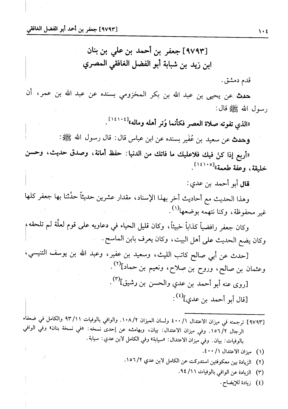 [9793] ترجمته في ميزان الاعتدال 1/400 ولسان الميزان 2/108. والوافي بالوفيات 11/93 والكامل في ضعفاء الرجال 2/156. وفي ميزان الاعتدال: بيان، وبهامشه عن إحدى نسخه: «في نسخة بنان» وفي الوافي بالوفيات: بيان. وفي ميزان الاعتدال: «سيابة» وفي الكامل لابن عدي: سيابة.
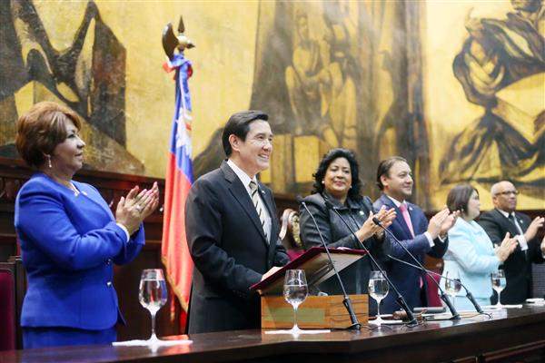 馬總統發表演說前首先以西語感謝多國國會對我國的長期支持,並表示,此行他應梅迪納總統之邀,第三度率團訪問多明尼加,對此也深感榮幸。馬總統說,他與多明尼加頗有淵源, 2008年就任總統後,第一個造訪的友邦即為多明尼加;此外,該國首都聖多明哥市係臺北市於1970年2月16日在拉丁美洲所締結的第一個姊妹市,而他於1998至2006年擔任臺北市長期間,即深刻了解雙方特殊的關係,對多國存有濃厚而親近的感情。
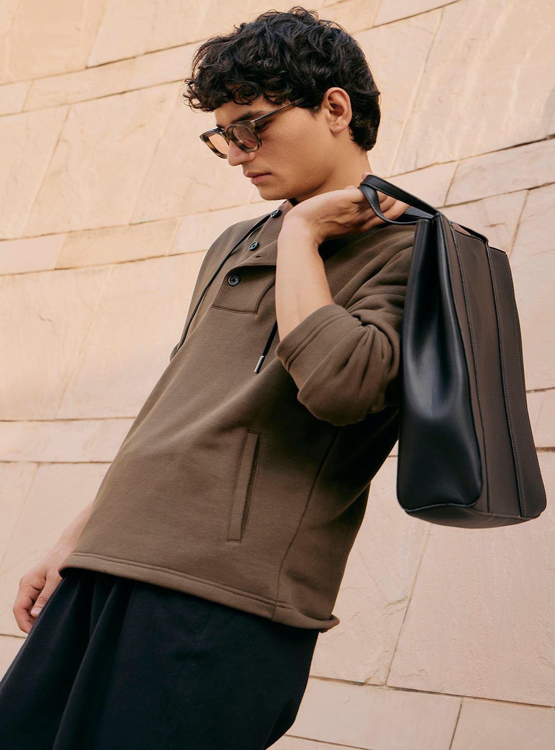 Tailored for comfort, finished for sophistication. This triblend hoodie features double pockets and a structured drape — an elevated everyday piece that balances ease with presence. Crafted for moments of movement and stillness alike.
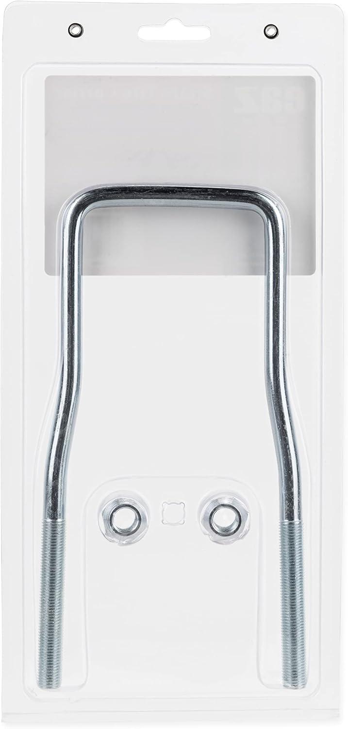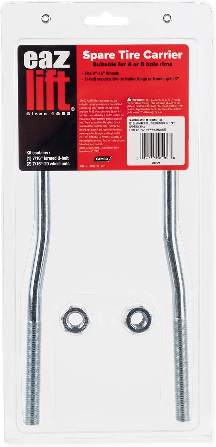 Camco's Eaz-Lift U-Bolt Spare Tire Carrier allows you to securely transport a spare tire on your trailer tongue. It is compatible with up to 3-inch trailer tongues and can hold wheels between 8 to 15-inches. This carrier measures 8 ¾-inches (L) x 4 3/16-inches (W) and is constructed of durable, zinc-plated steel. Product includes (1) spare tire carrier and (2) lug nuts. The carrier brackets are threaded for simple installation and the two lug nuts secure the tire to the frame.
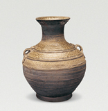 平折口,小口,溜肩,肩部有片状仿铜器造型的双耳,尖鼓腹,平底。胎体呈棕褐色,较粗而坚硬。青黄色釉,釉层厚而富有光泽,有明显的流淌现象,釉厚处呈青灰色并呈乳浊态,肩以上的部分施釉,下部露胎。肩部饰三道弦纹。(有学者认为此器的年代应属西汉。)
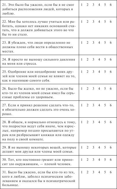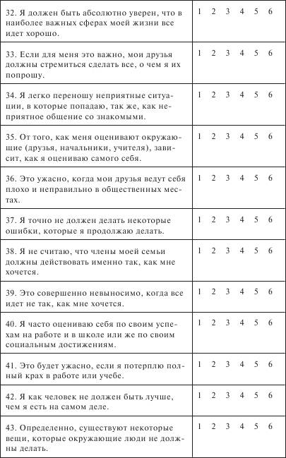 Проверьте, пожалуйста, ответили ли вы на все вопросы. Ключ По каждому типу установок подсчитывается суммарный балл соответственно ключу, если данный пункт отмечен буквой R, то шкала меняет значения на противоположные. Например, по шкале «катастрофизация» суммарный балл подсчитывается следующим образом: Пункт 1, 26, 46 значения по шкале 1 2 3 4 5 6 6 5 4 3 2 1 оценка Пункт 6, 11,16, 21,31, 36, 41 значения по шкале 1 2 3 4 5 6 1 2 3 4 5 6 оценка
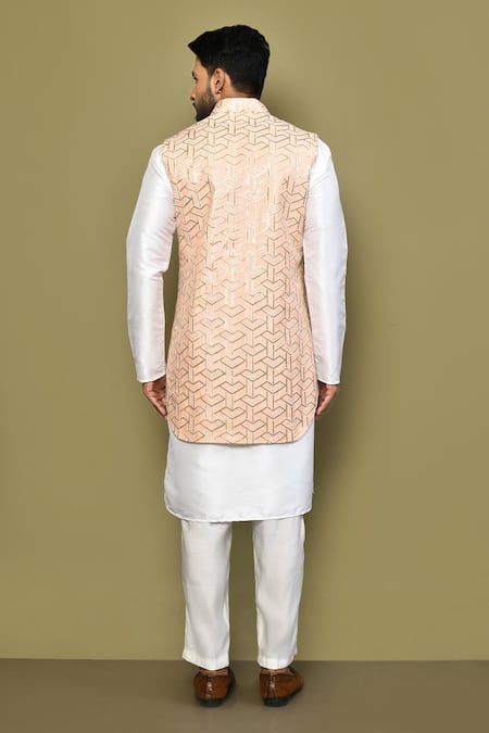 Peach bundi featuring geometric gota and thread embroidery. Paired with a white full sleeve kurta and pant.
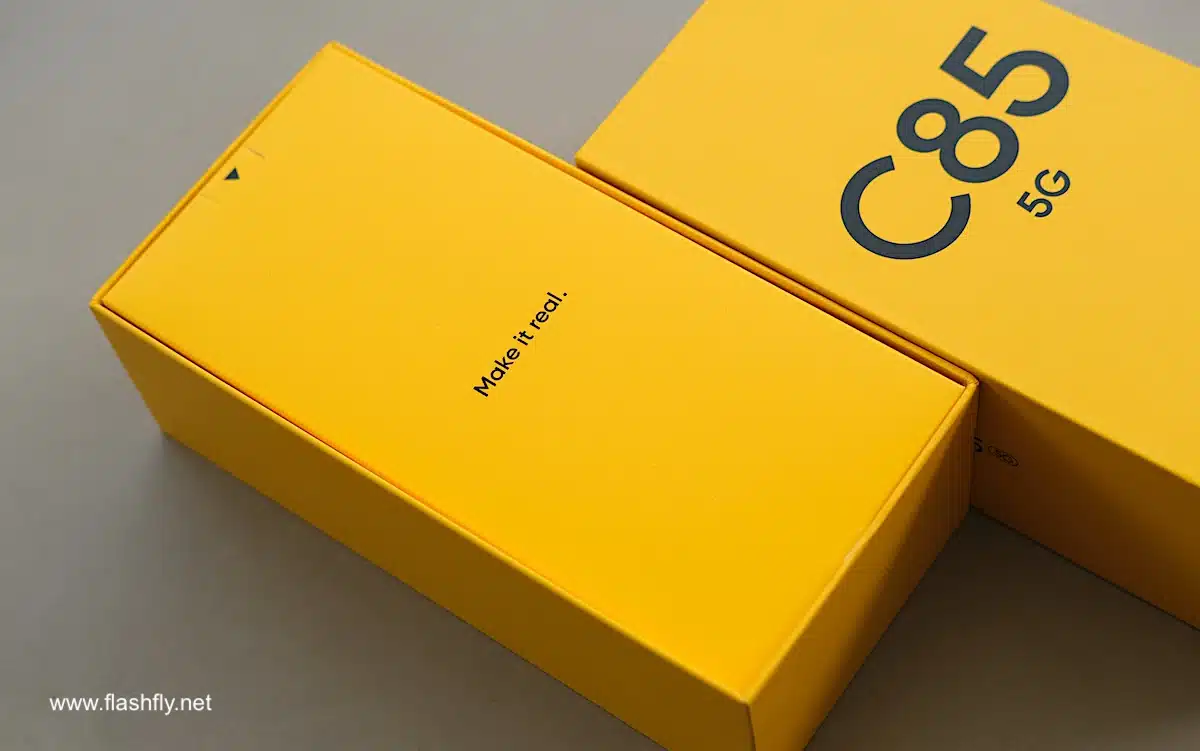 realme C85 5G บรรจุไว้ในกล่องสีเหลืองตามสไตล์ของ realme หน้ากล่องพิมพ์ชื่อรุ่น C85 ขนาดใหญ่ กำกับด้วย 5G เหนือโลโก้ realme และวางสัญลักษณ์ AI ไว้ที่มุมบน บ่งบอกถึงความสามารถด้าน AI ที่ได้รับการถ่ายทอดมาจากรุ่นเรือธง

==

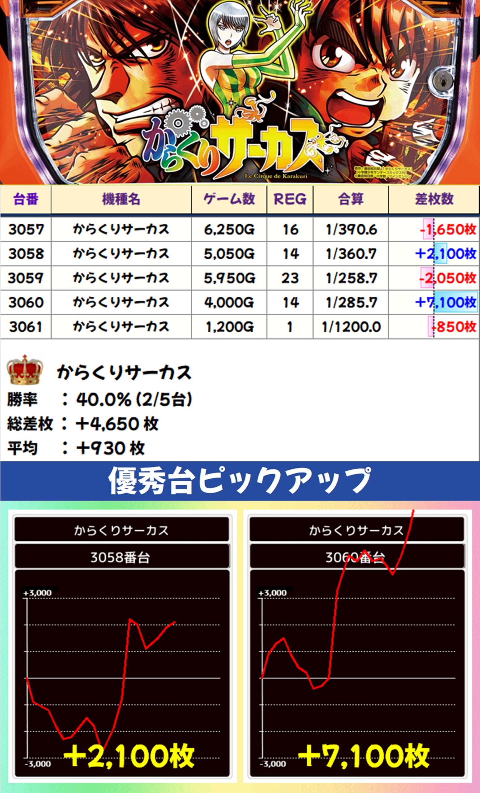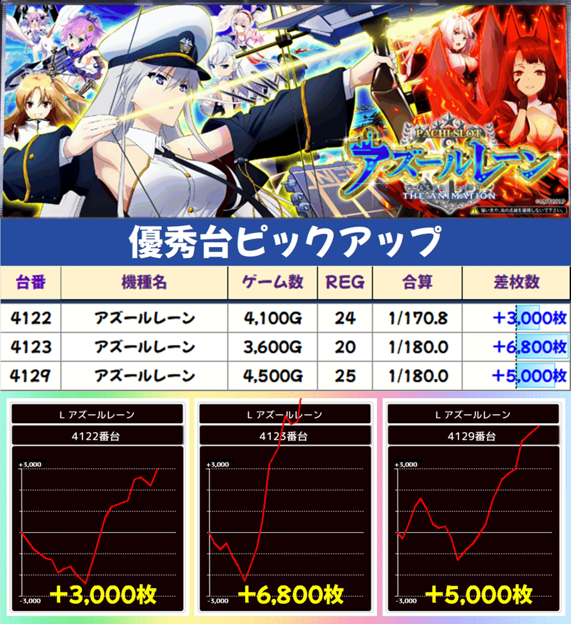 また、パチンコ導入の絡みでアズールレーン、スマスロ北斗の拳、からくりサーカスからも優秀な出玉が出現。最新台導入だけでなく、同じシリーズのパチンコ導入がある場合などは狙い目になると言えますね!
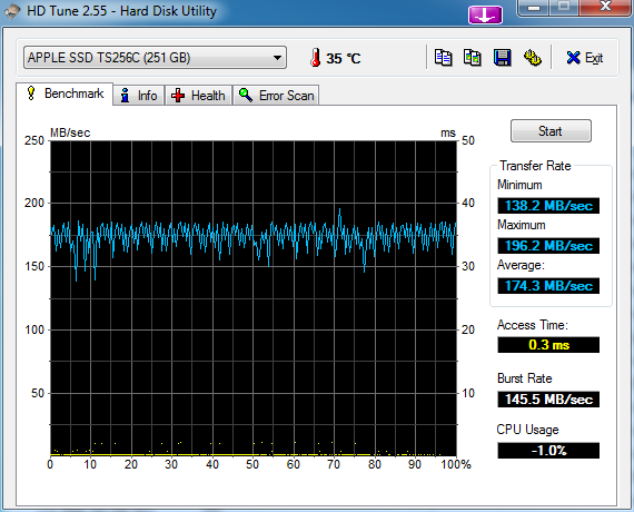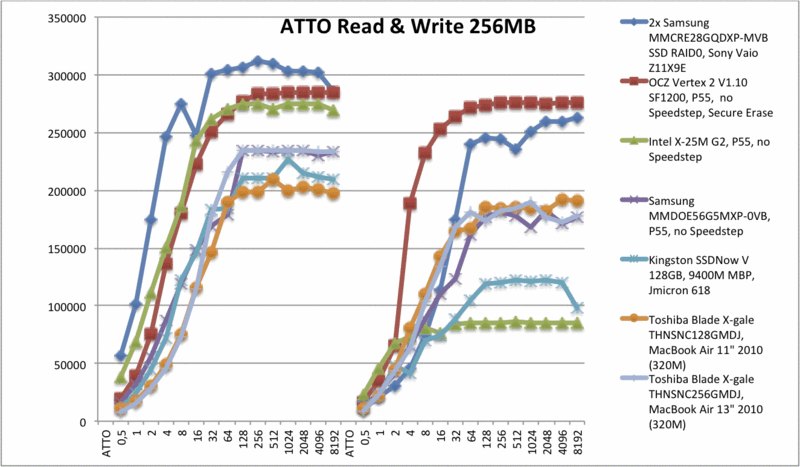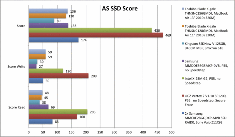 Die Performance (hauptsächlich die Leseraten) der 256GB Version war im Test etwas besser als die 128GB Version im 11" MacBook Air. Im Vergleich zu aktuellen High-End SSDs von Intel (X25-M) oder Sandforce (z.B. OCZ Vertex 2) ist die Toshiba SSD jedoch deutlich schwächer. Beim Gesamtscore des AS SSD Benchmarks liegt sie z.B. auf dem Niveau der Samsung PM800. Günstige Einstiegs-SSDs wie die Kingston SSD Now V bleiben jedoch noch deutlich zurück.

Task prompt:
In the material above, the stretch from the line with "[9793] ترجمته في" through the line with "馬總統發表演說前首先以西語感" is to be given again exactly, minus the pictures.

Finished exercise:
 [9793] ترجمته في ميزان الاعتدال 1/400 ولسان الميزان 2/108. والوافي بالوفيات 11/93 والكامل في ضعفاء الرجال 2/156. وفي ميزان الاعتدال: بيان، وبهامشه عن إحدى نسخه: «في نسخة بنان» وفي الوافي بالوفيات: بيان. وفي ميزان الاعتدال: «سيابة» وفي الكامل لابن عدي: سيابة.
 馬總統發表演說前首先以西語感謝多國國會對我國的長期支持,並表示,此行他應梅迪納總統之邀,第三度率團訪問多明尼加,對此也深感榮幸。馬總統說,他與多明尼加頗有淵源, 2008年就任總統後,第一個造訪的友邦即為多明尼加;此外,該國首都聖多明哥市係臺北市於1970年2月16日在拉丁美洲所締結的第一個姊妹市,而他於1998至2006年擔任臺北市長期間,即深刻了解雙方特殊的關係,對多國存有濃厚而親近的感情。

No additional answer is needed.